= Arebati =

African god

Arebati is known as the god of creation or supreme god in the mythology of the Efé people of the Democratic Republic of the Congo. The deity is also worshipped by the Mbuti people, but under a different name, which is Baatsi. In other African Pygmies' mythologies, Arebati and Tore are synonymous to one another, while in others, Tore is a forest god while Arebati is a lunar god.

== Legend ==
=== In Efé mythology ===
According to Efé myths, Arebati created the world and the first man from clay with the help of the Moon. At first, humans were immortal. Whenever a person grows elderly, Arebati returns them to their younger selves. One day, a woman passed away under Arebati's watch. He planned to resurrect her and asked a frog for help. He needed the frog to move the woman's corpse to the side of the road. However, a toad appeared and requested that he do the task instead of the frog.

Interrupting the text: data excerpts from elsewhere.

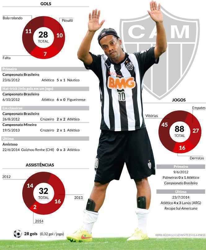 Aos 34 anos, o camisa 10 disputou 88 partidas pelo Atlético e marcou 28 gols. No total, ainda foram 32 assistências. Antes do Galo, ele defendeu Grêmio, Paris Saint-Germain, Barcelona, Milan e Flamengo.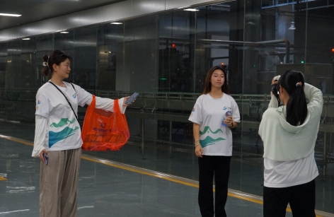 7月9日上午,嶺南師范學院商學院“朝陽行”突擊隊的宣傳組與營銷組成員在廣東畫景飲料有限公司的展廳和加工車間內,緊鑼密鼓地籌備著一場別開生面的直播預熱視頻拍攝活動。隊員們聚焦于次日將舉行的畫景“堿性水”直播,以鏡頭為筆,以光影為墨,勾勒出一幅幅“質”此湛藍的畫卷,同時展現嶺師學子通過直播助力鄉村振興、推動“藍色經濟”發展的蓬勃朝氣。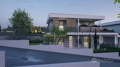 Rif: P 26.87 Classe energetica: A4 A Lazise, nella rinomata frazione di Colà, proponiamo in vendita una splendida villa singola di prestigio, progettata in classe energetica A4 e dotata di una magnifica piscina privata. La proprietà si sviluppa su due livelli fuori terra, accuratamente suddivisi per ottimizzare ogni spazio abitativo e garantire il massimo comfort. Al piano terra troviamo un luminoso ingresso, un ampio soggiorno con cucina a vista, ideale per momenti conviviali, e un bagno di servizio. Al primo piano si accede alla zona notte, composta da una elegante camera matrimoniale con bagno privato e guardaroba esclusivo, due ulteriori camere spaziose, un bagno finestrato e un meraviglioso terrazzo, perfetto per rilassarsi e godere della vista. All'esterno, la villa è circondata da un ampio giardino privato, sapientemente progettato, che ospita una piscina esclusiva di 32 metri quadrati, ideale per trascorrere piacevoli giornate estive in totale privacy e relax. Completano la proprietà un comodo doppio posto auto situato al piano terra, garantendo praticità e sicurezza. Questa villa è dotata di tecnologie di ultima generazione per un'alta efficienza energetica e un comfort abitativo superiore: pannelli fotovoltaici per la produzione di energia sostenibile, una moderna pompa di calore e un sistema di riscaldamento a pavimento per il massimo benessere. Situata in una nuova e tranquilla zona residenziale, immersa tra edifici di recente costruzione, questa villa si trova a pochi passi dal lago, offrendo una posizione privilegiata e un contesto di assoluta qualità. La consegna è prevista per Maggio 2026. Non esitate a contattarci per ulteriori informazioni per questa nuova villa singola su due livelli a A Lazise, frazione Colà. Possibilità di mutuo a condizioni agevolate. La nostra consulenza ti consente di individuare il prodotto più adatto alle condizioni economiche più vantaggiose. Contattateci o scriveteci per una consulenza gratuita.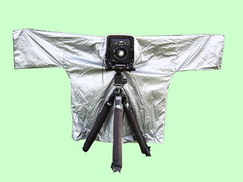 Most recently, I purchased a black focusing cloth from Quiet Works in the US. Although this slows me down, the viewfinder will never give you the same impression of the scene that a glass screen and black cloth can, especially is you are using filters.

To see whether the toad would be capable of doing so, Arebati asked the toad to sit on the edge of the pit with the woman's corpse. Arebati warned the toad that if the toad and the woman's corpse fell into the pit, a great misfortune shall befall them. In one version, the toad's anger over this challenge led both him and the woman's corpse to fall into the pit, while in another version, his clumsiness is to be blamed. Nevertheless, the toad and the woman's corpse ended in the pit, and the woman was unable to be revived by Arebati. Because of this event, the rest of humanity is fated with the same experience, which is to die permanently and be buried in a grave.